━━ RECORDED INFORMATION

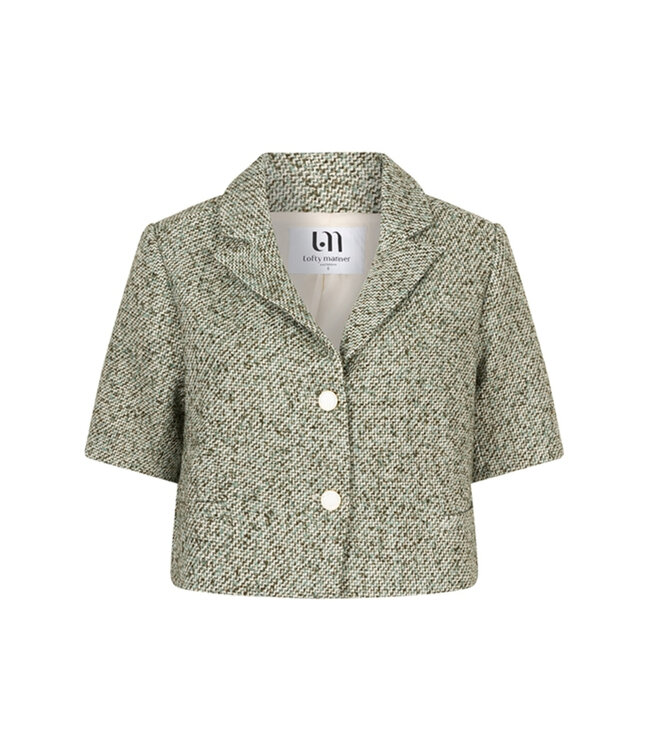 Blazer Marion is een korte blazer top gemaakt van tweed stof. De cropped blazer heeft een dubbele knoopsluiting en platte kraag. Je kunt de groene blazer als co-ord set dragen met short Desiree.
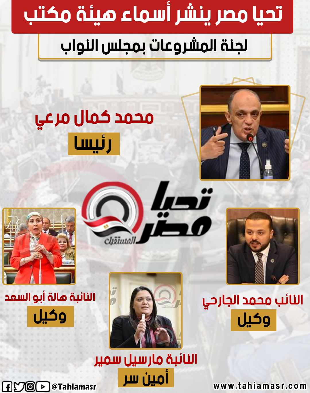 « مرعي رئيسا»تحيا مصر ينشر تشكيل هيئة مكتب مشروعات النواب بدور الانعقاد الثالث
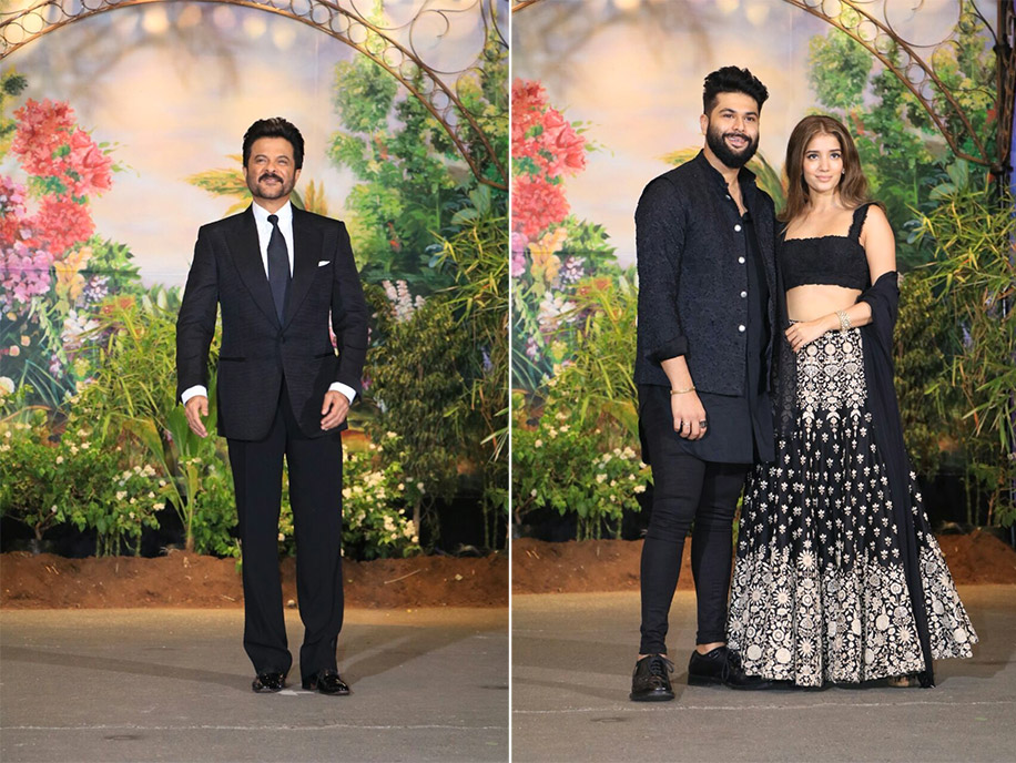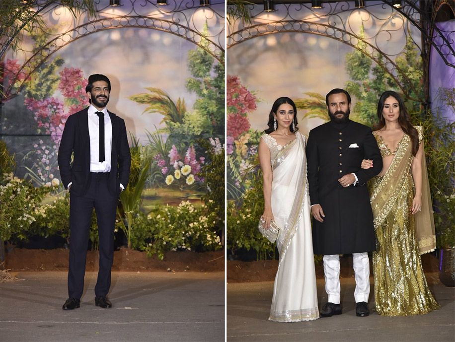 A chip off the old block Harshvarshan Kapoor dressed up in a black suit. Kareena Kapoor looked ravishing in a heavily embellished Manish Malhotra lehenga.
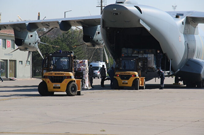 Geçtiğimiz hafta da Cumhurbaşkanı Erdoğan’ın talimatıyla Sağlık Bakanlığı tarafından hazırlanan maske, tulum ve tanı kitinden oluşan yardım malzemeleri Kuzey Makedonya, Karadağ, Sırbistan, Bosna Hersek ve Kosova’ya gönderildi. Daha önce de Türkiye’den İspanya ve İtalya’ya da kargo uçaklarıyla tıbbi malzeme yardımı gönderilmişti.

━━━━

-- ABOUT THIS EXERCISE --
In your copy, the listing above should appear word for word, with no images.

-- TASK OUTPUT --
 Blazer Marion is een korte blazer top gemaakt van tweed stof. De cropped blazer heeft een dubbele knoopsluiting en platte kraag. Je kunt de groene blazer als co-ord set dragen met short Desiree.
 « مرعي رئيسا»تحيا مصر ينشر تشكيل هيئة مكتب مشروعات النواب بدور الانعقاد الثالث
 A chip off the old block Harshvarshan Kapoor dressed up in a black suit. Kareena Kapoor looked ravishing in a heavily embellished Manish Malhotra lehenga.
 Geçtiğimiz hafta da Cumhurbaşkanı Erdoğan’ın talimatıyla Sağlık Bakanlığı tarafından hazırlanan maske, tulum ve tanı kitinden oluşan yardım malzemeleri Kuzey Makedonya, Karadağ, Sırbistan, Bosna Hersek ve Kosova’ya gönderildi. Daha önce de Türkiye’den İspanya ve İtalya’ya da kargo uçaklarıyla tıbbi malzeme yardımı gönderilmişti.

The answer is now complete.